Running some experiments to understand the behavior of our system, relative to the PTC algorithm specified in [2], we found scenarios where the verified protection system achieved a 4X reduction in the undershoot (train stopping before it is required to, because of conservative reasoning about errors) during braking enforcement. Less undershoot can mean greater train throughput and therefore increased efficiency. At the same time, in all the scenarios we checked, our system successfully prevented overshoot (the train going past the end of motion authority, which is a safety violation, to be avoided at all costs). The train protection system that we created was symbolic, meaning that by substituting concrete values for the various parameters via the appropriate methods [3], we can easily obtain concrete verified train protection systems tailored to specific railroads and trains. A verified conversion pipeline [4] allows us to go from our the proof written in logic to verified code that runs on actual computers automatically. I am interested in closing the gaps between our research and what industry would find useful in practice.

References

[1] A. Kabra, S. Mitsch and A. Platzer, “Verified Train Controllers for the Federal Railroad Administration Train Kinematics Model: Balancing Competing Brake and Track Forces,” in IEEE Transactions on Computer-Aided Design of Integrated Circuits and Systems, vol. 41, no. 11, pp. 4409-4420, 2022, doi: 10.1109/TCAD.2022.3197690.

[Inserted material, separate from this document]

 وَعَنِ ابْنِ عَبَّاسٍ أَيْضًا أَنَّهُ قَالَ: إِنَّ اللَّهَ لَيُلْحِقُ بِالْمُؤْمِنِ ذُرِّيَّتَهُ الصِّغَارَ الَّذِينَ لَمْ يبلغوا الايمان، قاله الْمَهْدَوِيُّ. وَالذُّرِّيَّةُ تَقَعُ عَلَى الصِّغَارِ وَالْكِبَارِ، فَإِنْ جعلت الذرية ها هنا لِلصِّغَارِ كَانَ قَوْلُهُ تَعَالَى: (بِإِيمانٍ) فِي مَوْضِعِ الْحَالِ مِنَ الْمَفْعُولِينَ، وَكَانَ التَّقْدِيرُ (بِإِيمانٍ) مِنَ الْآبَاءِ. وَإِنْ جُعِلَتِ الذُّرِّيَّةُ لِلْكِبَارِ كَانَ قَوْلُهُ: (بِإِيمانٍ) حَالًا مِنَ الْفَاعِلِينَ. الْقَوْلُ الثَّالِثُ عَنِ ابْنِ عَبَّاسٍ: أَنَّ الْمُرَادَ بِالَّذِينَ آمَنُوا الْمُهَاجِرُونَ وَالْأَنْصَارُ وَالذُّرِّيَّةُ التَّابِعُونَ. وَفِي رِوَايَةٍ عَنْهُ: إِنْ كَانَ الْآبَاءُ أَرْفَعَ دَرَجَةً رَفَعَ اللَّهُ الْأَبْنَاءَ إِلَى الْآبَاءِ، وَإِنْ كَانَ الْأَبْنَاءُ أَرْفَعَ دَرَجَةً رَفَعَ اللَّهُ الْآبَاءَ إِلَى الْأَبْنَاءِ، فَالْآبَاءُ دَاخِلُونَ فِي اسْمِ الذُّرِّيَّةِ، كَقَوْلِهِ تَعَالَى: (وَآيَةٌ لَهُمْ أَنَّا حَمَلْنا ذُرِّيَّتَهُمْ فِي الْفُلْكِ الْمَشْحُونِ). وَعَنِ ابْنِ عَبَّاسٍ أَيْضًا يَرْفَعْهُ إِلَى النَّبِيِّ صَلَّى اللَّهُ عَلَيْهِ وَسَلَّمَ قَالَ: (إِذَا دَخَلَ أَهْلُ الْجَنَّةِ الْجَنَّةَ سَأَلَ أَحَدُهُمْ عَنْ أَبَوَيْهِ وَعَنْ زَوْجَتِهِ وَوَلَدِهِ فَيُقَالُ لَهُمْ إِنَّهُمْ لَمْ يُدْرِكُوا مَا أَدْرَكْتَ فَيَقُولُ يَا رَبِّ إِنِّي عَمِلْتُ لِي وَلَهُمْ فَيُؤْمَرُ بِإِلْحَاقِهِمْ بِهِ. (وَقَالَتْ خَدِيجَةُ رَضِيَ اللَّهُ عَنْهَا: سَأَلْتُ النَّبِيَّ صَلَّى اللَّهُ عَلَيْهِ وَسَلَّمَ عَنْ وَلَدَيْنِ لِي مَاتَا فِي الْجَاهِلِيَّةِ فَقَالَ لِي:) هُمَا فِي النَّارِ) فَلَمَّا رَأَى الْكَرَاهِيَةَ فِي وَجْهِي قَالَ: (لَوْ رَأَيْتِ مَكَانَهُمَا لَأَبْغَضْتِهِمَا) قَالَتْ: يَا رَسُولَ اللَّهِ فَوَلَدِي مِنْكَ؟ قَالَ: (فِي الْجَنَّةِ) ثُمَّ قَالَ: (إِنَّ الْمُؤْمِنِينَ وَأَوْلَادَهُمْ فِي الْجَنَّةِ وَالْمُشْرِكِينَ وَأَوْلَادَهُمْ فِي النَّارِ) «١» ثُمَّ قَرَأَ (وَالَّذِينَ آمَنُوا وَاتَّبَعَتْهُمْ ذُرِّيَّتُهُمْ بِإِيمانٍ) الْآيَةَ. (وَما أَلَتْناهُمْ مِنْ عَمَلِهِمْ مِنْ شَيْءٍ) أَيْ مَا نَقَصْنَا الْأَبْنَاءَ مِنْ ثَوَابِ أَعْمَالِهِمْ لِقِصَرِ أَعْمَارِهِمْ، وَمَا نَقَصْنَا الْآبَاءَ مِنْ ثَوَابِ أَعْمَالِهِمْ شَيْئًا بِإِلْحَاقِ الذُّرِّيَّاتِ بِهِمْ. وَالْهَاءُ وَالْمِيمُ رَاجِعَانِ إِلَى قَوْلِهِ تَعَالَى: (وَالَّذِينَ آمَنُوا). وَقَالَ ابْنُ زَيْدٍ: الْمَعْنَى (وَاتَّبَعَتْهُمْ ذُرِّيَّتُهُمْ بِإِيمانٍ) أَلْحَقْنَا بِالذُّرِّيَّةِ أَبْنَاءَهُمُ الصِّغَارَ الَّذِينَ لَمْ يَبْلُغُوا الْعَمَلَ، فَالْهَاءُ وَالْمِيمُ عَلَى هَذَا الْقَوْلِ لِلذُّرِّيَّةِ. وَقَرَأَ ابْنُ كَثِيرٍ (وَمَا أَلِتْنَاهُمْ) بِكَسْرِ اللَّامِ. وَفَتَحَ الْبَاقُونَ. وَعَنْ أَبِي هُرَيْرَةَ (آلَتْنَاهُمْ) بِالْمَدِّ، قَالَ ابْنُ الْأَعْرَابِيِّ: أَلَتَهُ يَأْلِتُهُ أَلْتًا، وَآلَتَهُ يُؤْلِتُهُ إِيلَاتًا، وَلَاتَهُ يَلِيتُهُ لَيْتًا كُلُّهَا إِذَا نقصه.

[2] J. Brosseau, B. M. Ede, S. Pate, R. Wiley, and J. Drapa, “Development of an operationally efficient PTC braking enforcement algorithm for freight trains,” Tech. Rep. DOT/FRA/ORD-13/34, 2013.

[3] A. Platzer, “A complete uniform substitution calculus for differential dynamic logic,” J. Autom. Reas., vol. 59, no. 2, pp. 219–265, 2017.

[4] R. Bohrer, Y. K. Tan, S. Mitsch, M. Myreen and A. Platzer, “VeriPhy: verified controller executables from verified cyber-physical system models”, PLDI 2018.